The records section start
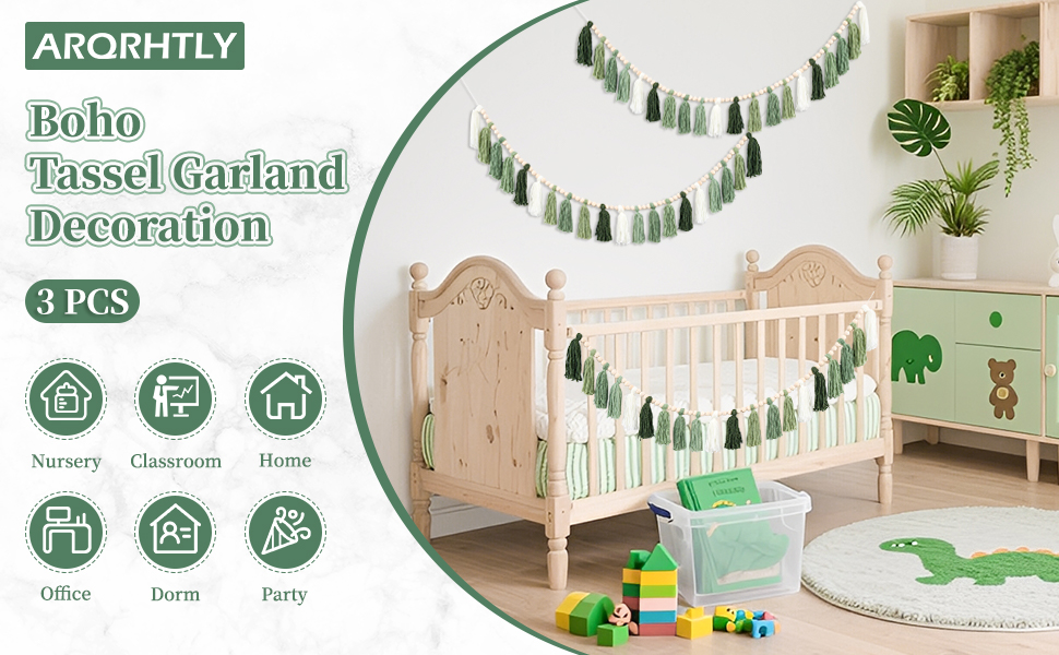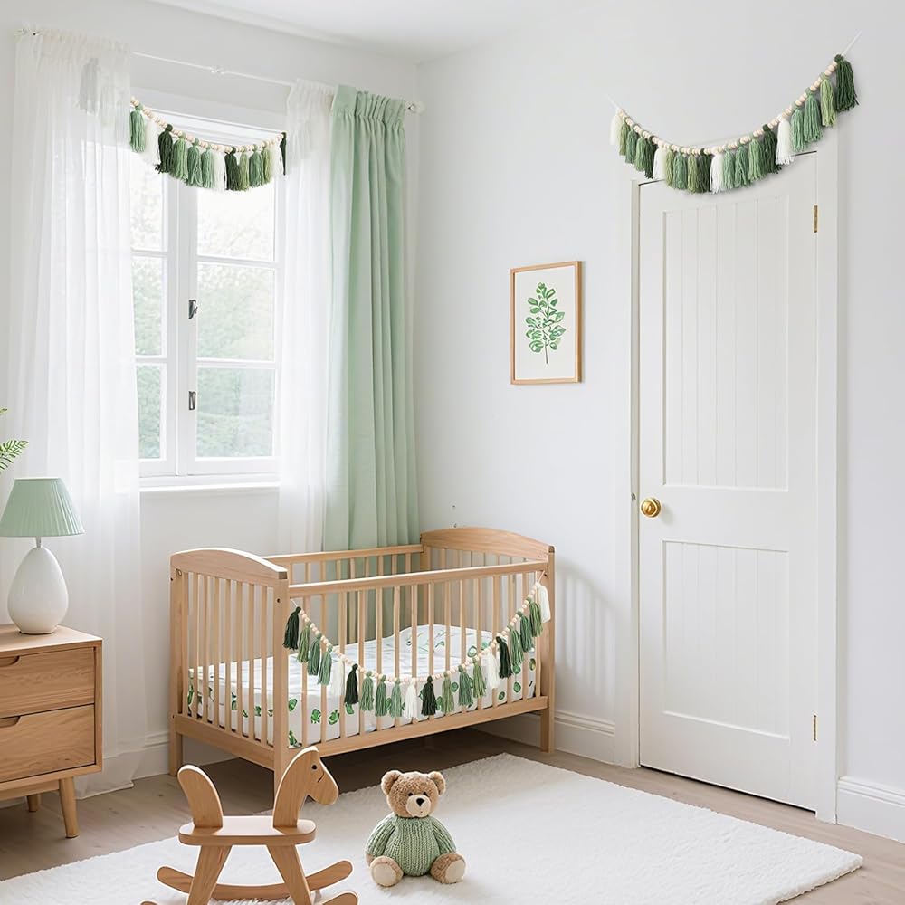 Boho Style Decor: Our Boho tassel garland decoration features 5 shades of sage green tassels with farmhouse style wooden beads in the center; It is an ideal choice for Boho, forest, jungle, neutral, simply style home, classroom, nursery, and party decor
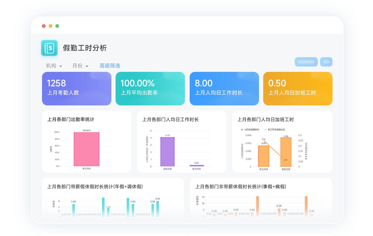 100+假勤报表开箱即用,全面分析工时数据
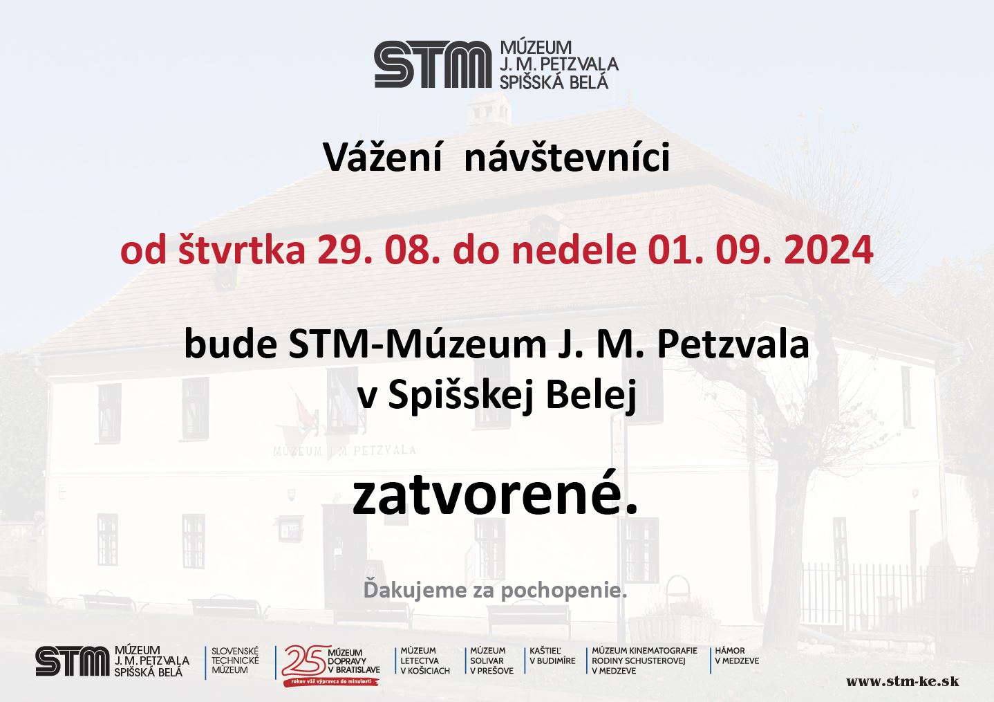 Oznam o zatvorení Múzea J. M. Petzvala v Spišskej Belej
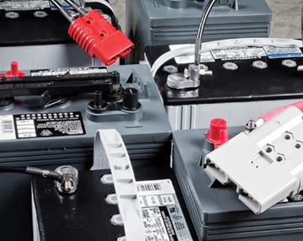 Cualquiera que sea su marca de montacargas, tenemos todo tipo de baterías y cargadores industriales, así como conectores, además de equipos para cambio y traslado, estaciones de carga, camas de rodillos, y todo el equipo y material que su empresa necesita para mantener sus baterías en buen estado y eliminar los derrames de ácido.
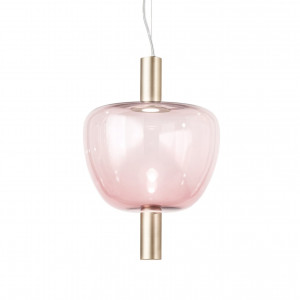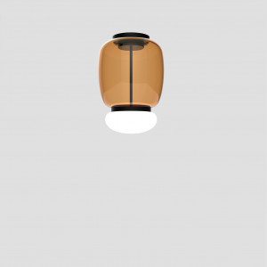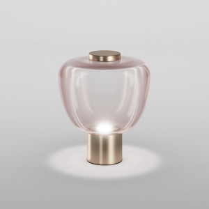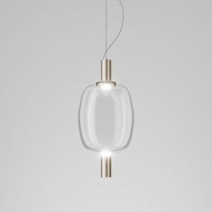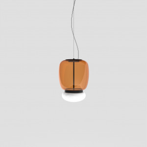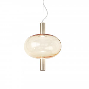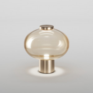 Riflesso groups design lamps characterized by blown glass diffusers with a rounded and sinuous shape. These lamps were designed by the two designers Chiaramonte and Marin, expert in manufacturing techniques of blown glass who have rethought the diffuser as a light and reflective element, to enhance the brightness of the LED light source. Riflesso lamps are available both in table and suspension versions. The chandelier is proposed in three different forms, completely transparent or in amber, light amethyst and Fumè. Furthermore elements such as the ceiling rosette and the cylinders enrich the lamps with precious golden or satin copper colors. Version of the table lamp is available in only one of the shapes provided for the chandelier and in two colors: light amethyst or transparent. Riflesso lamps are ideal for illuminating various types of environments from the night area to the living area.
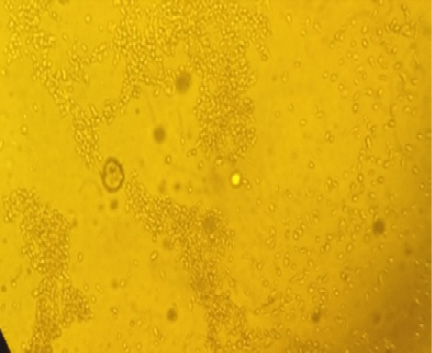 Cyptopathic effect of sheep pox virus on vero cells showed by inverted microscope.
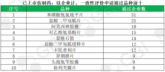 截至2020年7月31日,2020年7月份已上市仿制药申请一致性评价企业数排名前三的品种分别为苯磺酸氨氯地平片,阿莫西林胶囊以及盐酸二甲双胍片,其中,二甲双胍口服常释剂,缓释控释剂,卡托普利片已被纳入到第三批国家带量采购目录。
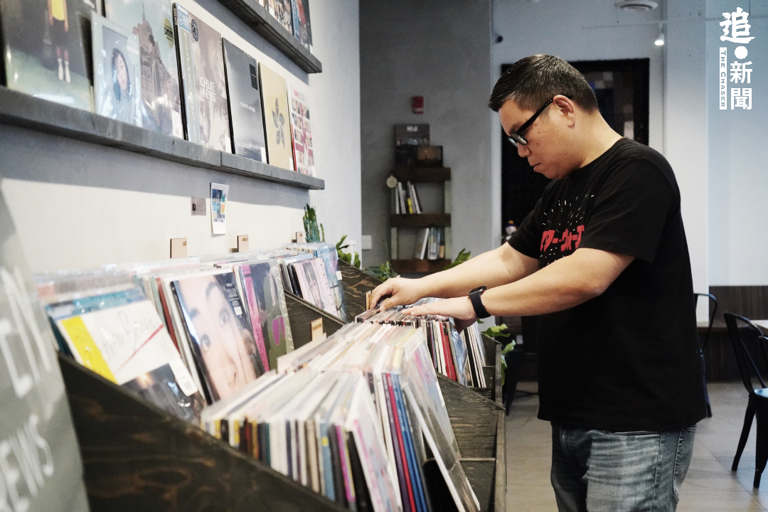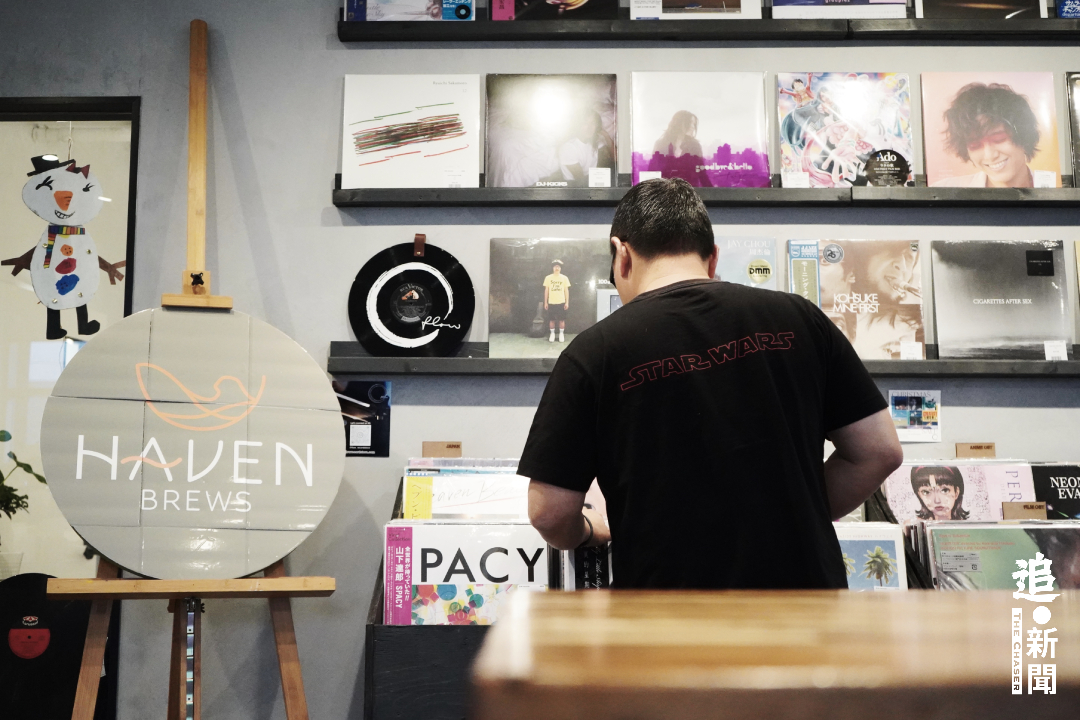 - 咖啡店一角擺賣黑膠唱片。
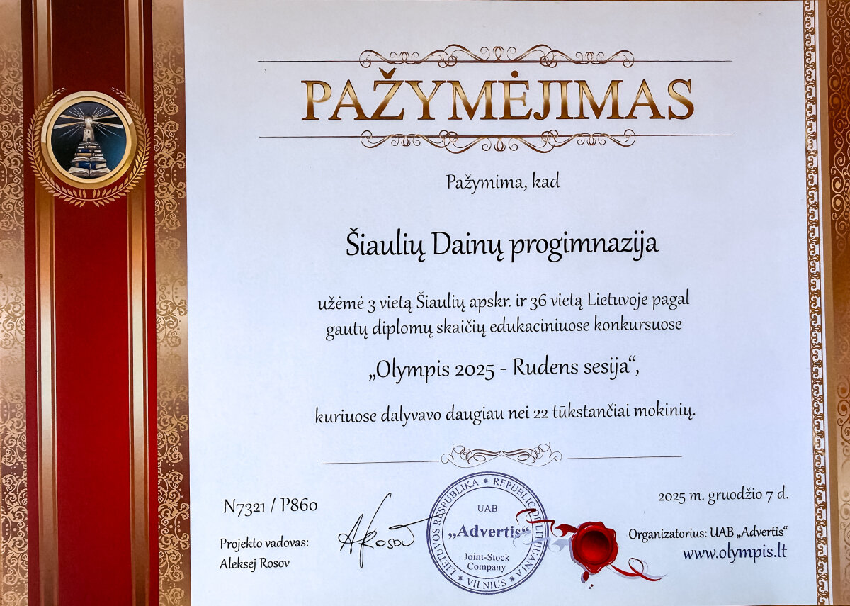 Puikūs rezultatai tarptautiniame konkurse „Olympis 2025 – Rudens sesijoje“
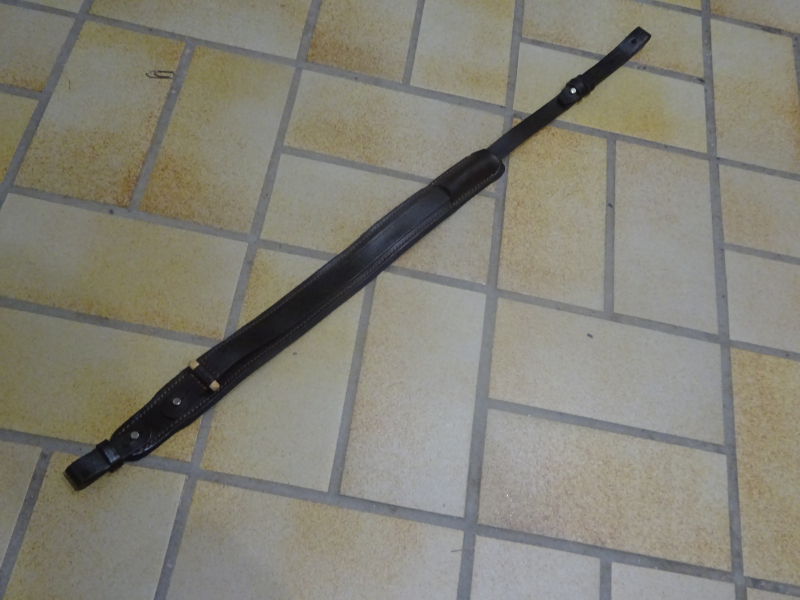 fast neuwertiger Gewehrriemen, hochwertig verarbeitet aus feinem Leder, verlängerbar von 80cm auf ca. 105 cm, mit Holzapplikation, Innenseite rutschfest ausgestattet, siehe Foto und mein egun
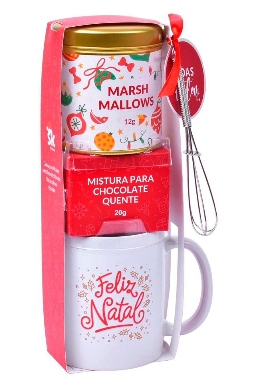 Inclui caneca temática “Feliz Natal”, mistura de chocolate quente (20g), marshmallows (12g) e mini vara de arame. Produto decorativo e alimentar sazonal.
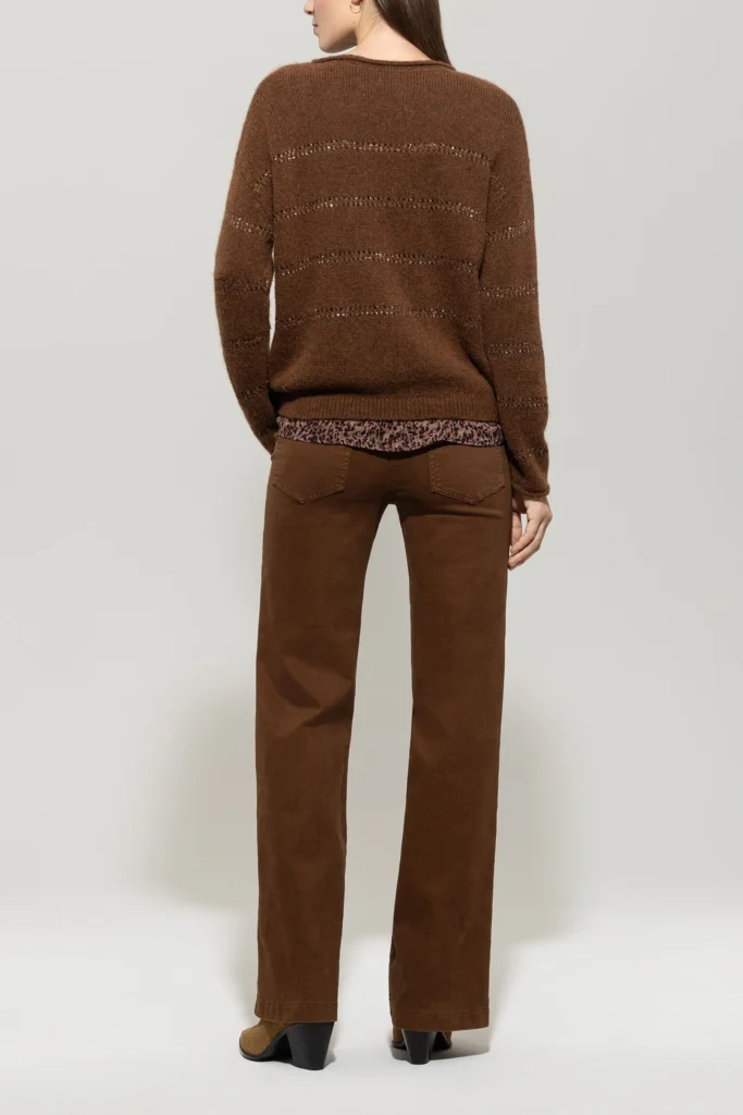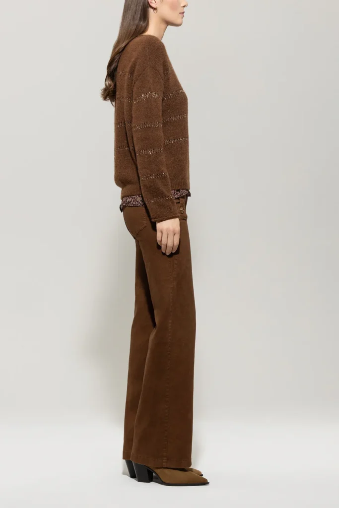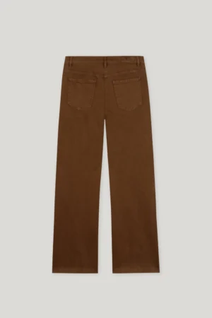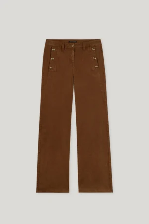Vācu premium klases apģērbu zīmola Luisa Cerano zeltaini brūnas paplatināta piegriezuma džinsu bikses sievietēm. Izgatavotas no autentiska kokvilnas tvīda auduma ar vintage stila krāsojumu. Akcentētas ar zīmola metāla pogām uz sānu kabatām un logo emblēmu mugurpusē.
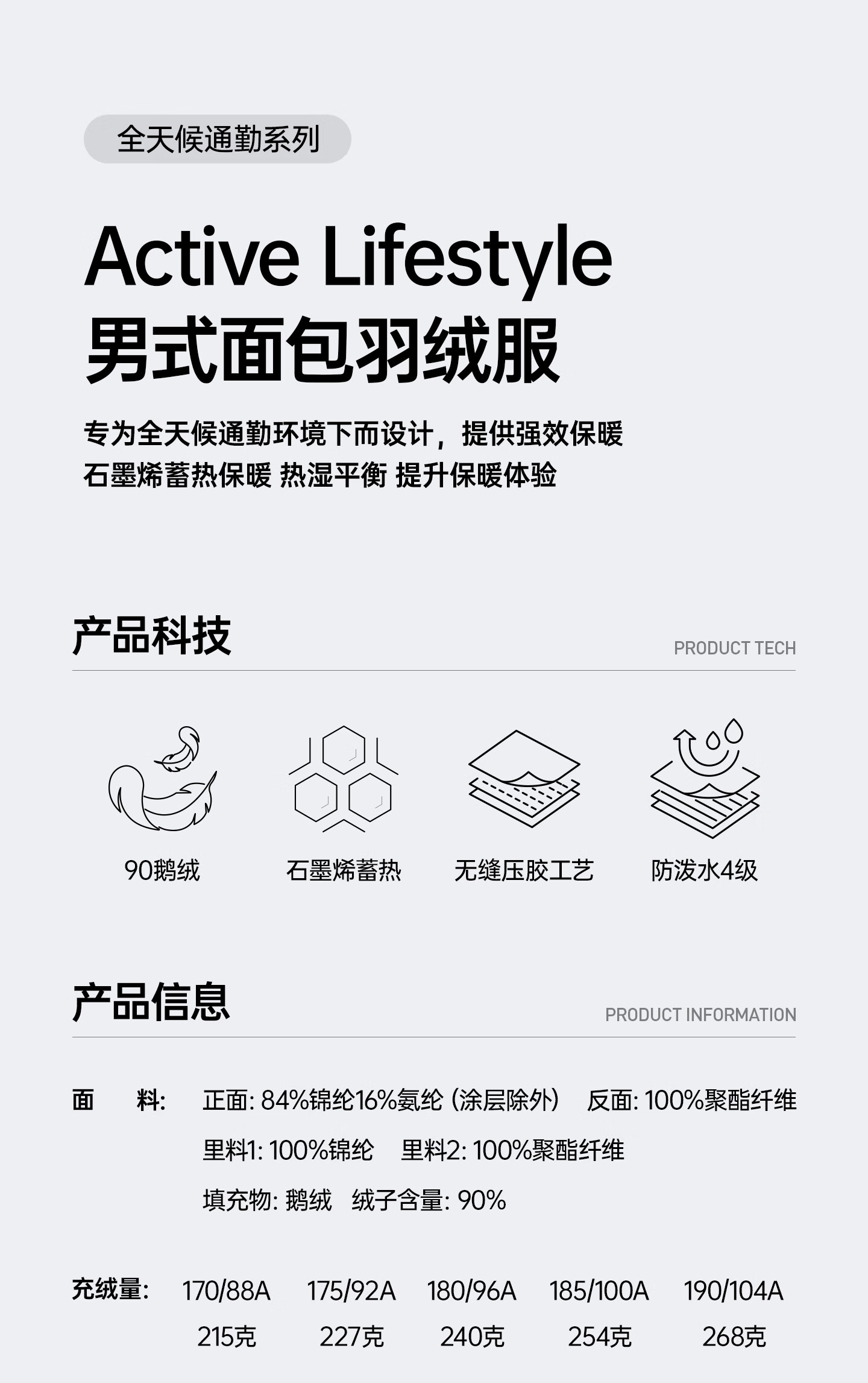 HALTI哈尔迪男士90鹅绒石墨烯蓄热防泼水鹅绒羽绒服HDTEA510628SC 暗宝石蓝 M 170/88A
The records section end
What you have to do ▸ The reply should hold only the lines running from the top of the records to the line containing "fast neuwertiger Gewehrriemen, hochwertig", both included, copied exactly with no pictures.

Solved problem ▸
 Boho Style Decor: Our Boho tassel garland decoration features 5 shades of sage green tassels with farmhouse style wooden beads in the center; It is an ideal choice for Boho, forest, jungle, neutral, simply style home, classroom, nursery, and party decor
 100+假勤报表开箱即用,全面分析工时数据
 Oznam o zatvorení Múzea J. M. Petzvala v Spišskej Belej
 Cualquiera que sea su marca de montacargas, tenemos todo tipo de baterías y cargadores industriales, así como conectores, además de equipos para cambio y traslado, estaciones de carga, camas de rodillos, y todo el equipo y material que su empresa necesita para mantener sus baterías en buen estado y eliminar los derrames de ácido.
 Riflesso groups design lamps characterized by blown glass diffusers with a rounded and sinuous shape. These lamps were designed by the two designers Chiaramonte and Marin, expert in manufacturing techniques of blown glass who have rethought the diffuser as a light and reflective element, to enhance the brightness of the LED light source. Riflesso lamps are available both in table and suspension versions. The chandelier is proposed in three different forms, completely transparent or in amber, light amethyst and Fumè. Furthermore elements such as the ceiling rosette and the cylinders enrich the lamps with precious golden or satin copper colors. Version of the table lamp is available in only one of the shapes provided for the chandelier and in two colors: light amethyst or transparent. Riflesso lamps are ideal for illuminating various types of environments from the night area to the living area.
 Cyptopathic effect of sheep pox virus on vero cells showed by inverted microscope.
 截至2020年7月31日,2020年7月份已上市仿制药申请一致性评价企业数排名前三的品种分别为苯磺酸氨氯地平片,阿莫西林胶囊以及盐酸二甲双胍片,其中,二甲双胍口服常释剂,缓释控释剂,卡托普利片已被纳入到第三批国家带量采购目录。
 - 咖啡店一角擺賣黑膠唱片。
 Puikūs rezultatai tarptautiniame konkurse „Olympis 2025 – Rudens sesijoje“
 fast neuwertiger Gewehrriemen, hochwertig verarbeitet aus feinem Leder, verlängerbar von 80cm auf ca. 105 cm, mit Holzapplikation, Innenseite rutschfest ausgestattet, siehe Foto und mein egun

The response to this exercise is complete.